◆ **REQUIREMENT**
Where a picture appears, leave it out, and transcribe all the lines below exactly.
====================
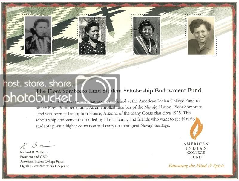 In honor of my mother, THE FLORA SOMBRERO LIND NAVAJO ENDOWMENT FUND has been set up to accept your donations. This scholarship endowment has been established at the American Indian College Fund to honor Flora Sombrero Lind, as an enrolled member of the Navajo Nation who was born at Inscription House, Arizona of the Many … Continued
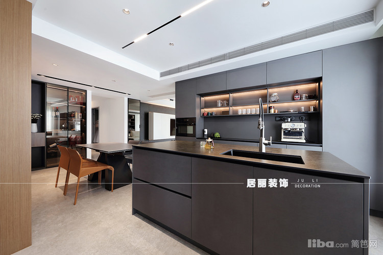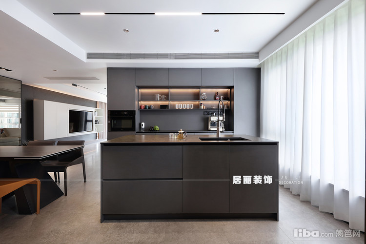 开放式厨房布局,增加家人间的互动性。整体色调以灰色为主,因西厨增加了储物空间,所以中厨没有做满墙的储物柜,而是进行了设计留白。
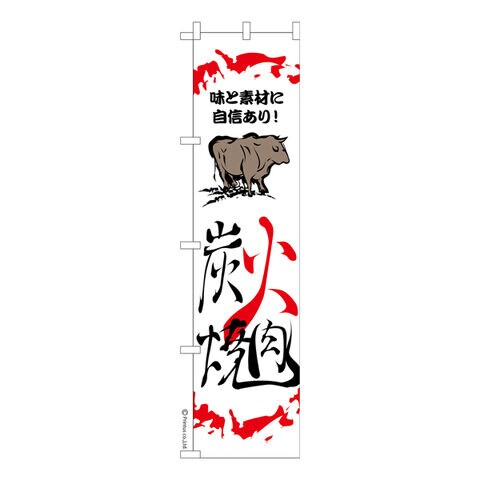 スリム のぼり旗 炭火焼肉3 焼き肉 既製品のぼり 納期ご相談ください 450mm幅
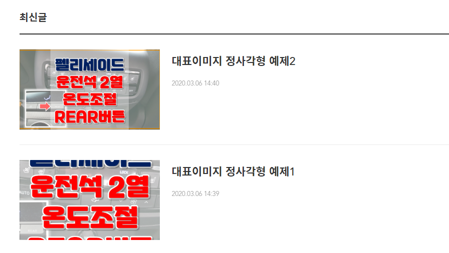 정사각형모양의 대표이미지는 글씨가 짤리게 됩니다.
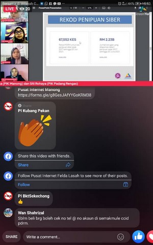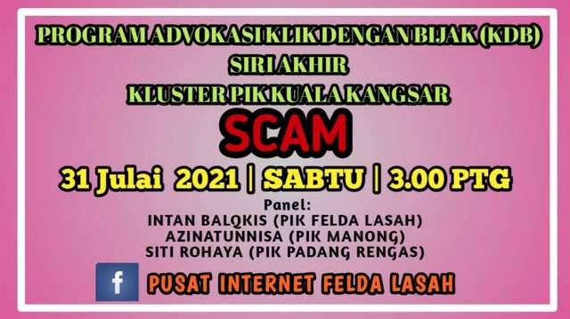 1 Ogos 2021 | Aktiviti Terkini31 JULAI 2021 : PIK Manong bersama PIK Kluster Kuala Kangsar telah buat satu program Advokasi Klik Dengan Bijak secara onlive live di facebook page PIK. Tajuk kali ni merupakan tajuk SCAM. Telah disampaikan oleh Cik Intan Balqis dari PIK felda Lasah, Puan Azinatunnisa dari PIK Manong dan Cik Rohaya dari PIK Padang Rengas.
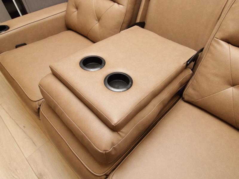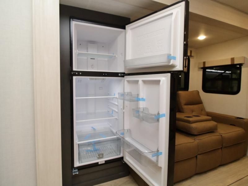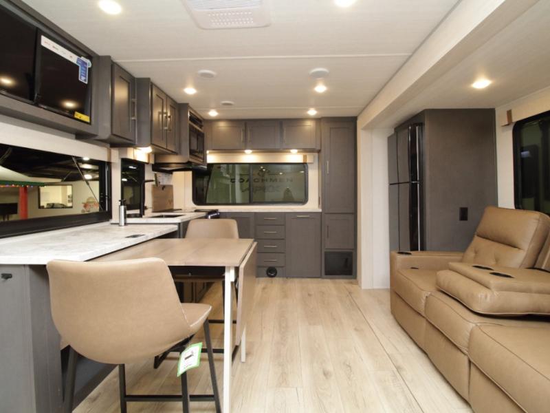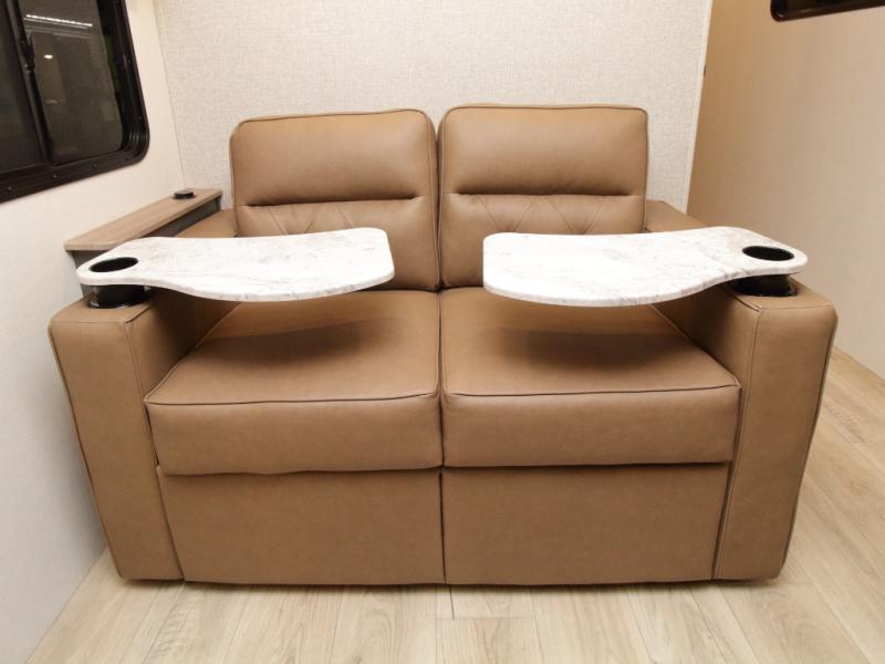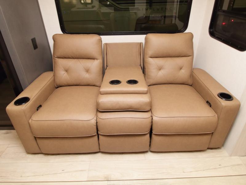 The rear kitchen layout gives you abundant counter space and functionality, perfect for prepping meals, setting out snacks, or hosting friends. With theater seating, a tri-fold sofa, and flexible dining space, there’s room for everyone to relax in comfort.
====================
◆ **TASK RESPONSE**
 In honor of my mother, THE FLORA SOMBRERO LIND NAVAJO ENDOWMENT FUND has been set up to accept your donations. This scholarship endowment has been established at the American Indian College Fund to honor Flora Sombrero Lind, as an enrolled member of the Navajo Nation who was born at Inscription House, Arizona of the Many … Continued
 开放式厨房布局,增加家人间的互动性。整体色调以灰色为主,因西厨增加了储物空间,所以中厨没有做满墙的储物柜,而是进行了设计留白。
 スリム のぼり旗 炭火焼肉3 焼き肉 既製品のぼり 納期ご相談ください 450mm幅
 정사각형모양의 대표이미지는 글씨가 짤리게 됩니다.
 1 Ogos 2021 | Aktiviti Terkini31 JULAI 2021 : PIK Manong bersama PIK Kluster Kuala Kangsar telah buat satu program Advokasi Klik Dengan Bijak secara onlive live di facebook page PIK. Tajuk kali ni merupakan tajuk SCAM. Telah disampaikan oleh Cik Intan Balqis dari PIK felda Lasah, Puan Azinatunnisa dari PIK Manong dan Cik Rohaya dari PIK Padang Rengas.
 The rear kitchen layout gives you abundant counter space and functionality, perfect for prepping meals, setting out snacks, or hosting friends. With theater seating, a tri-fold sofa, and flexible dining space, there’s room for everyone to relax in comfort.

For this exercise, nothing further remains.